DATA IN THIS EXERCISE Start Marker

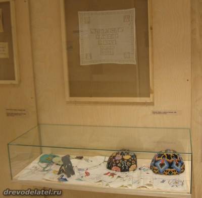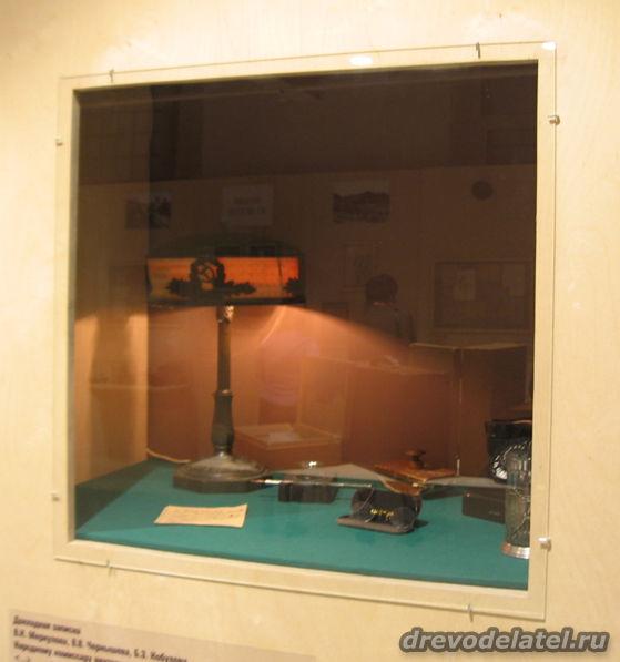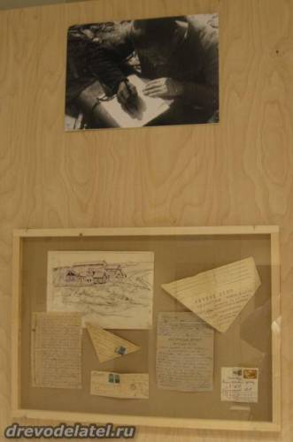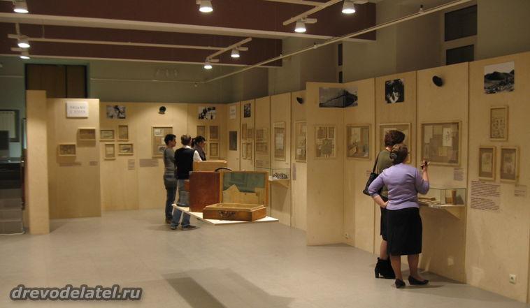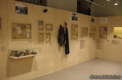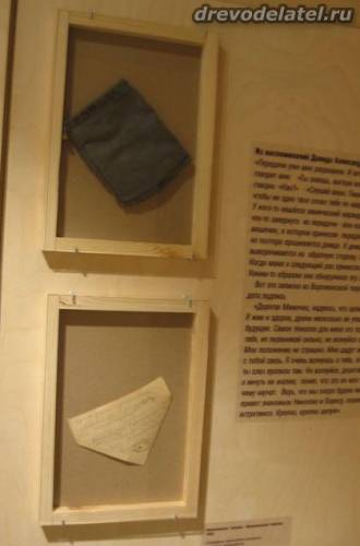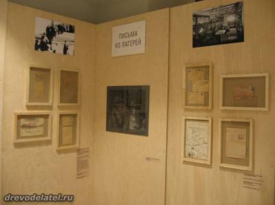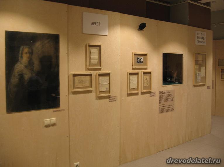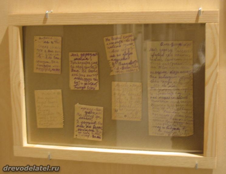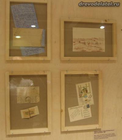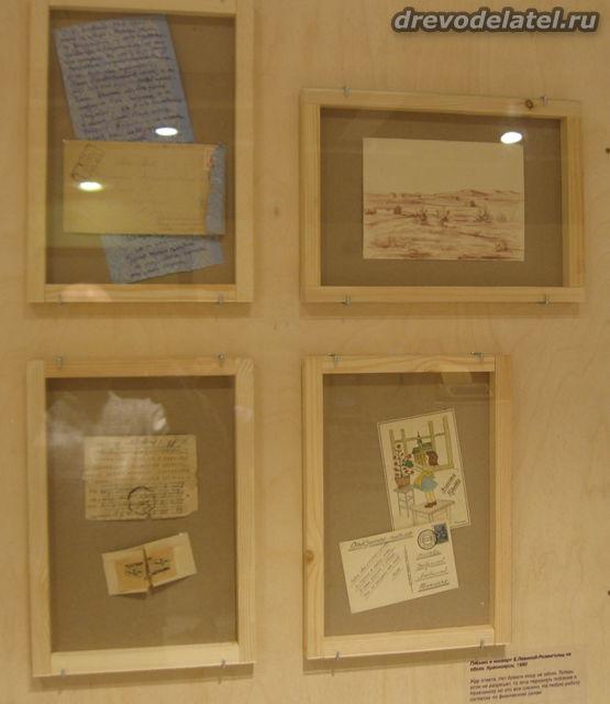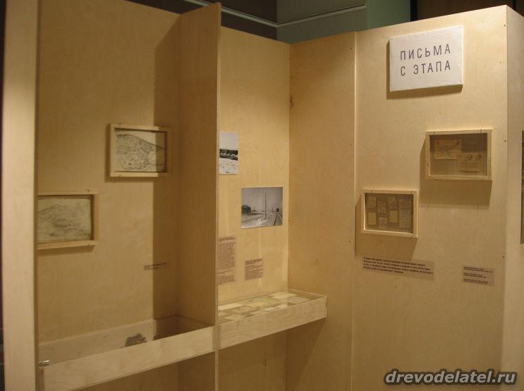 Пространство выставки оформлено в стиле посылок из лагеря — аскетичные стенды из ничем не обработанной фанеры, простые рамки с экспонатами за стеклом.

DATA IN THIS EXERCISE End Marker
DATA IN THIS EXERCISE Start Marker

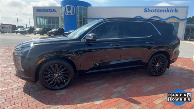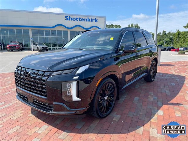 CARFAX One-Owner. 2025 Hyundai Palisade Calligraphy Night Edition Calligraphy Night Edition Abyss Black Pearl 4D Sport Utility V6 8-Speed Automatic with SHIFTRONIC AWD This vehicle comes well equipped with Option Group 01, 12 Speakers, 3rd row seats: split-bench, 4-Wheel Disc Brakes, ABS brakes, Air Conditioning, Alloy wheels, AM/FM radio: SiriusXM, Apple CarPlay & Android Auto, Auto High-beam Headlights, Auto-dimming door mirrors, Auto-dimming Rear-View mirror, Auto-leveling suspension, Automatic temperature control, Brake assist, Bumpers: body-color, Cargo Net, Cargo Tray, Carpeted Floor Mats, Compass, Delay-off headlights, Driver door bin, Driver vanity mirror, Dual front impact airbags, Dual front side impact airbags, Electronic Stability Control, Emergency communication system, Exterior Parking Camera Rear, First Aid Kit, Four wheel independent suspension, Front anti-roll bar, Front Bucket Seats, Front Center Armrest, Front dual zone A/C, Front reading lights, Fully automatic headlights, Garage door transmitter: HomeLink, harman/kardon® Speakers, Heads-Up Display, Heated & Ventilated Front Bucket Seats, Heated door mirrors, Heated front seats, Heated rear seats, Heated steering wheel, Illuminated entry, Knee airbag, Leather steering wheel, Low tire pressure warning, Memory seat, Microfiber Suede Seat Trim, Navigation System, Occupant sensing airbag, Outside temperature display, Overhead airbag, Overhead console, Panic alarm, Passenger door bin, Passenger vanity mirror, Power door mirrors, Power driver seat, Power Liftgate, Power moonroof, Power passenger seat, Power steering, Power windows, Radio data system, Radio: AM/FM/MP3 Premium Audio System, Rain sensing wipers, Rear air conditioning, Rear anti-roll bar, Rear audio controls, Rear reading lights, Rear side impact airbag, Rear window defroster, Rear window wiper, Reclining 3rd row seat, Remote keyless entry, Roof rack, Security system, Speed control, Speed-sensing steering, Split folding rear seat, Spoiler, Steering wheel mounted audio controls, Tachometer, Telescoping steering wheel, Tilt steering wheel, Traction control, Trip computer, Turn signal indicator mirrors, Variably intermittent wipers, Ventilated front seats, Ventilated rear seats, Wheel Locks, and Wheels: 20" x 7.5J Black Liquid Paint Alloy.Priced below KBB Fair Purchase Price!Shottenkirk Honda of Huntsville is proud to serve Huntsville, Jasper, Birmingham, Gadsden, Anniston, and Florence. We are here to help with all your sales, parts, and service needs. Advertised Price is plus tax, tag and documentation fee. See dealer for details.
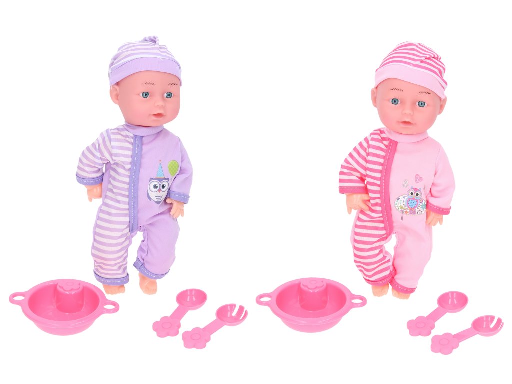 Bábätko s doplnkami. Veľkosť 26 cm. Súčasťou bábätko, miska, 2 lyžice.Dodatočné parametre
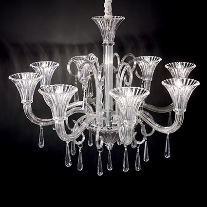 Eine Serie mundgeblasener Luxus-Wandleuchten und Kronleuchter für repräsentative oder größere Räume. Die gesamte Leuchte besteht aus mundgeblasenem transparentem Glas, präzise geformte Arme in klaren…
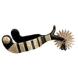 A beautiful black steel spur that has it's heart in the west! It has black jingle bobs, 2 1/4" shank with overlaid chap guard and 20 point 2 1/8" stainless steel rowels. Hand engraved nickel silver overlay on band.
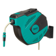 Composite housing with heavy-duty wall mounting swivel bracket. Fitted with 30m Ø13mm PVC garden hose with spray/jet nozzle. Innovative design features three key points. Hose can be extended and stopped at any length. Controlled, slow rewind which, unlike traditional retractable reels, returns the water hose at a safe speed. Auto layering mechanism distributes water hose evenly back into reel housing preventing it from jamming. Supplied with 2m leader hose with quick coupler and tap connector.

DATA IN THIS EXERCISE End Marker
DATA IN THIS EXERCISE Start Marker

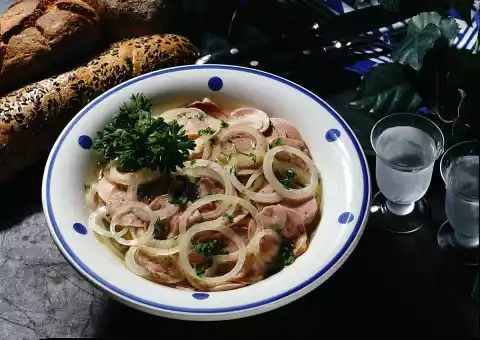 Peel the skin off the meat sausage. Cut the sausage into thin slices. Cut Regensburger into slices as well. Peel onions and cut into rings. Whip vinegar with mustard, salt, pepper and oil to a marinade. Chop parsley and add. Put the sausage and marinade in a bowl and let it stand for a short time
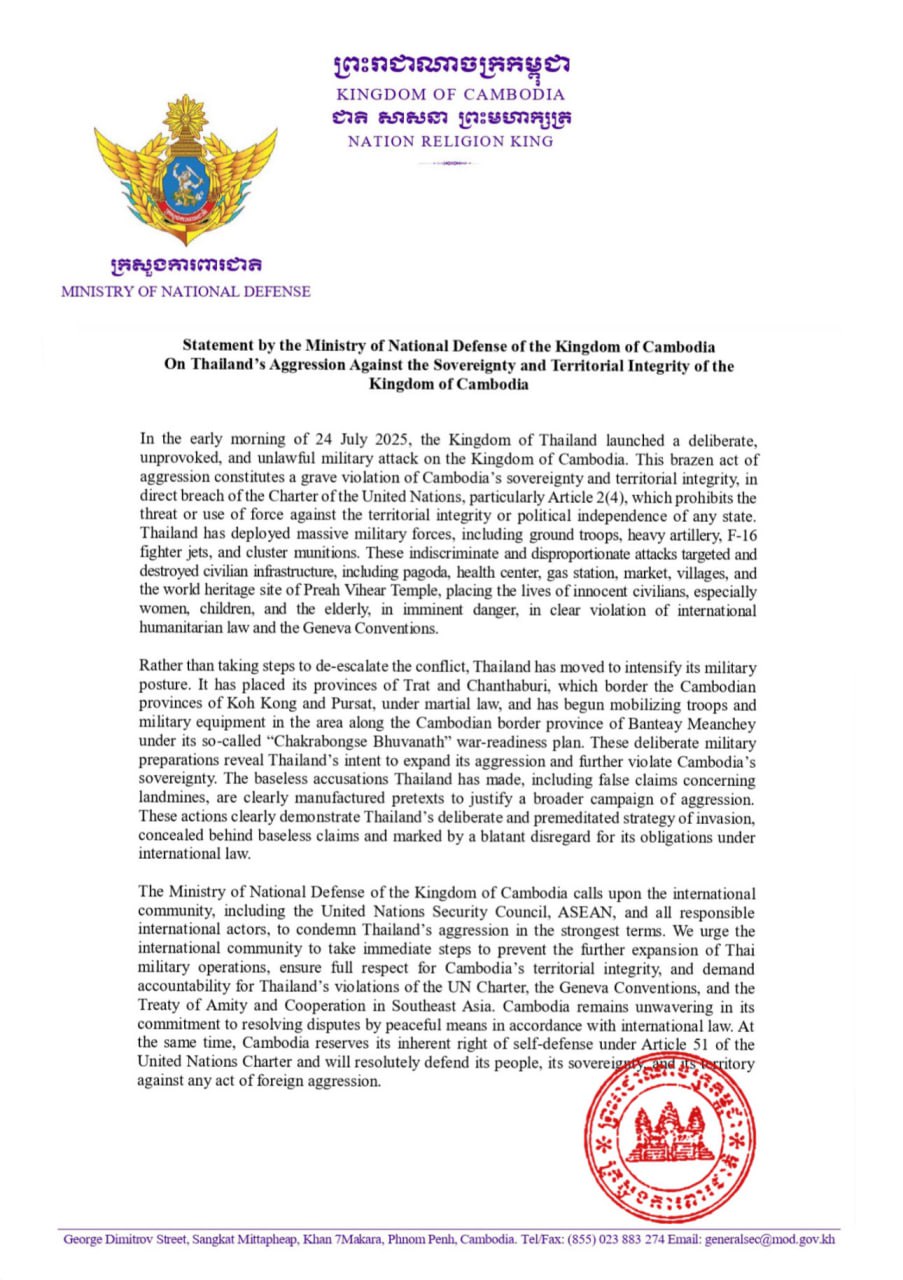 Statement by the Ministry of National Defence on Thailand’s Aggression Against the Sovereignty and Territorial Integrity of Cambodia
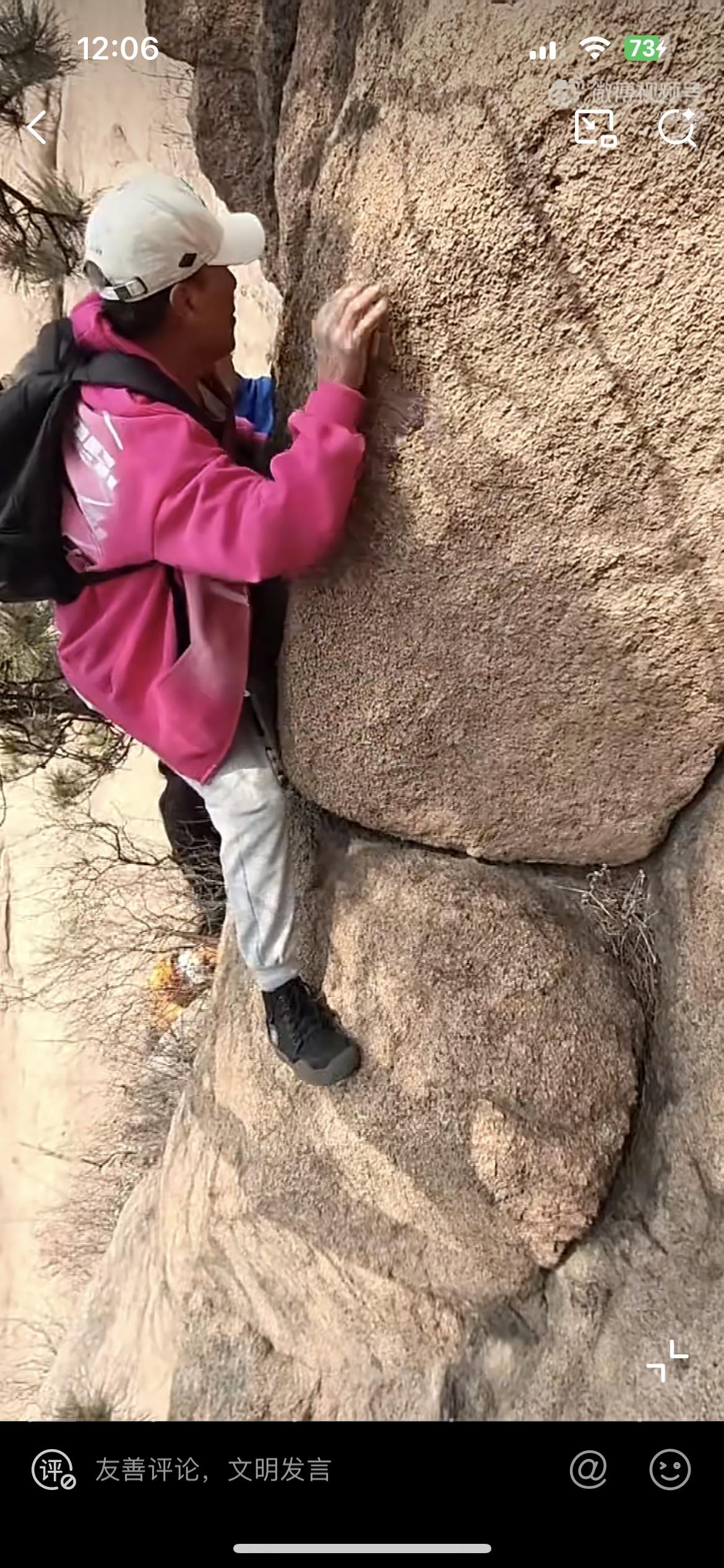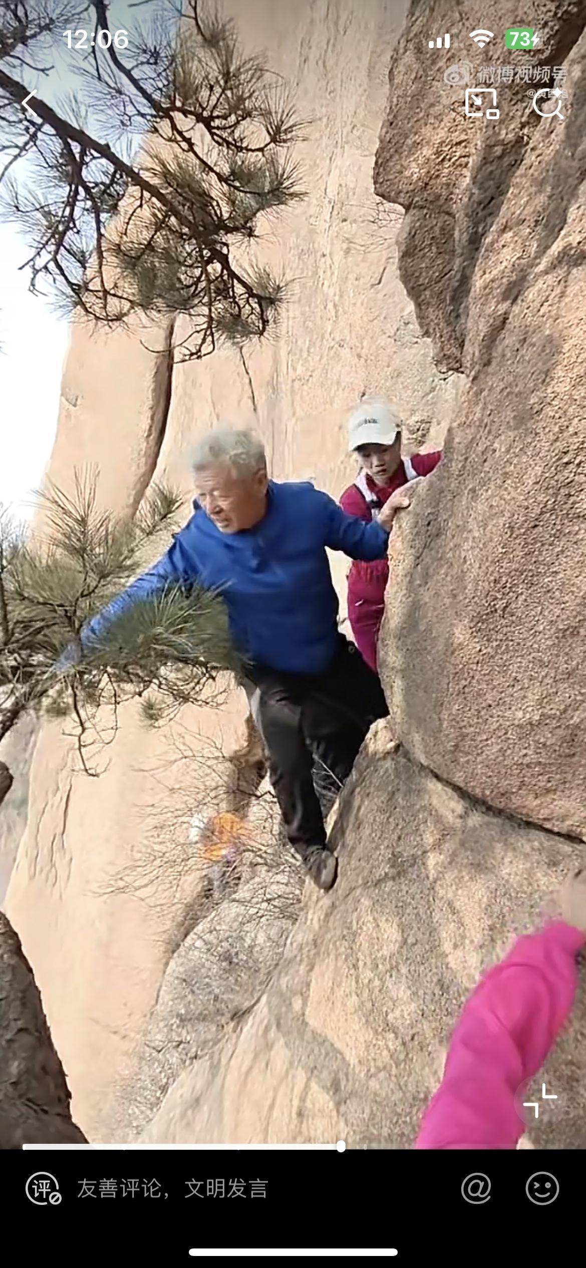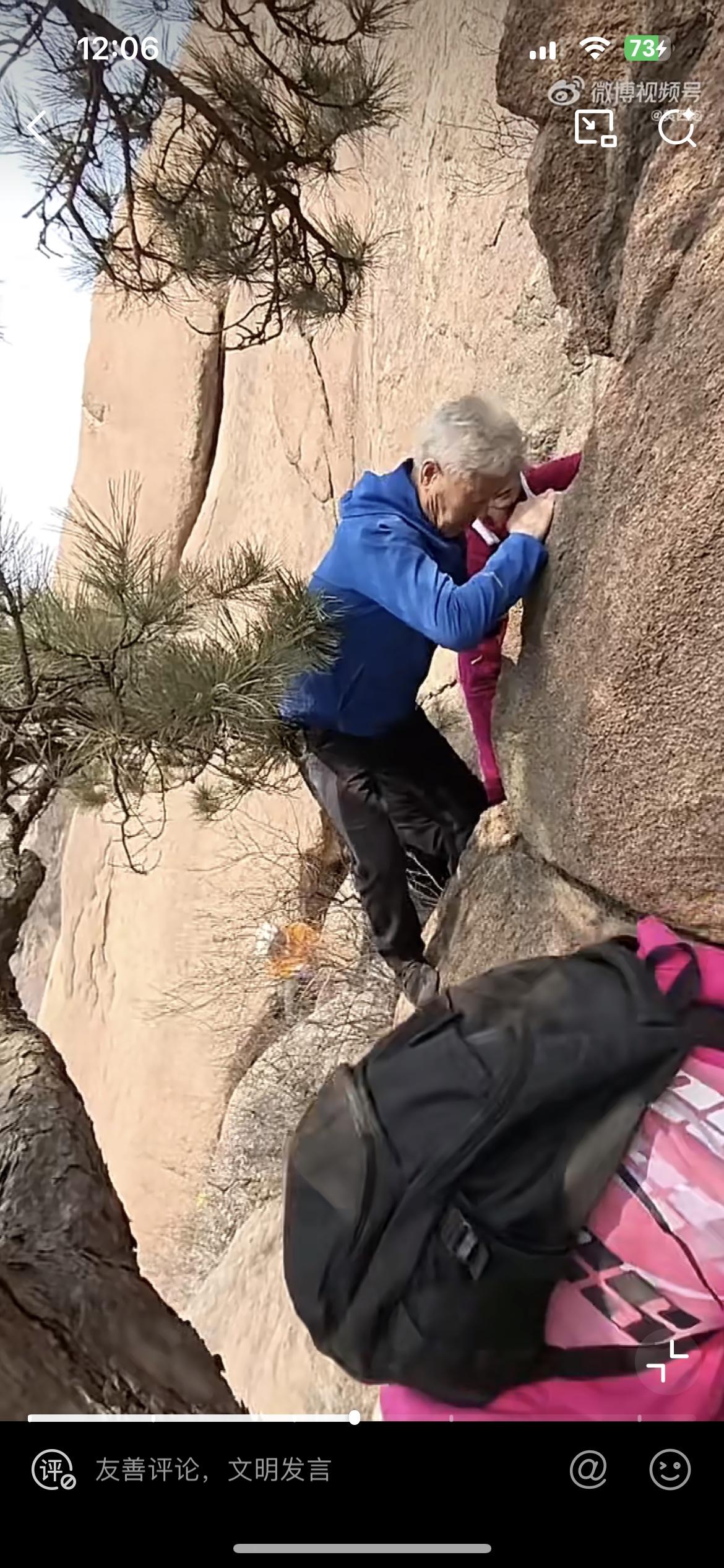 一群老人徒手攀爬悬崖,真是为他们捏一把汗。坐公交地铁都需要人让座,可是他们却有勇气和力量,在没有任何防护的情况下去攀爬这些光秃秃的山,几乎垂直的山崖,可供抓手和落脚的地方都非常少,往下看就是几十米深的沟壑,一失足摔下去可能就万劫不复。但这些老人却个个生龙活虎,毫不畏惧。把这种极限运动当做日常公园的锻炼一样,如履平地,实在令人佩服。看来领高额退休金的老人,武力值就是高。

DATA IN THIS EXERCISE End Marker

EXERCISE DESCRIPTION
Using the entries above, write out exactly the lines from the one with "Peel the skin" through the one with "Statement by the", ends included. Leave out any pictures.

RESULT OF THE EXERCISE
 Peel the skin off the meat sausage. Cut the sausage into thin slices. Cut Regensburger into slices as well. Peel onions and cut into rings. Whip vinegar with mustard, salt, pepper and oil to a marinade. Chop parsley and add. Put the sausage and marinade in a bowl and let it stand for a short time
 Statement by the Ministry of National Defence on Thailand’s Aggression Against the Sovereignty and Territorial Integrity of Cambodia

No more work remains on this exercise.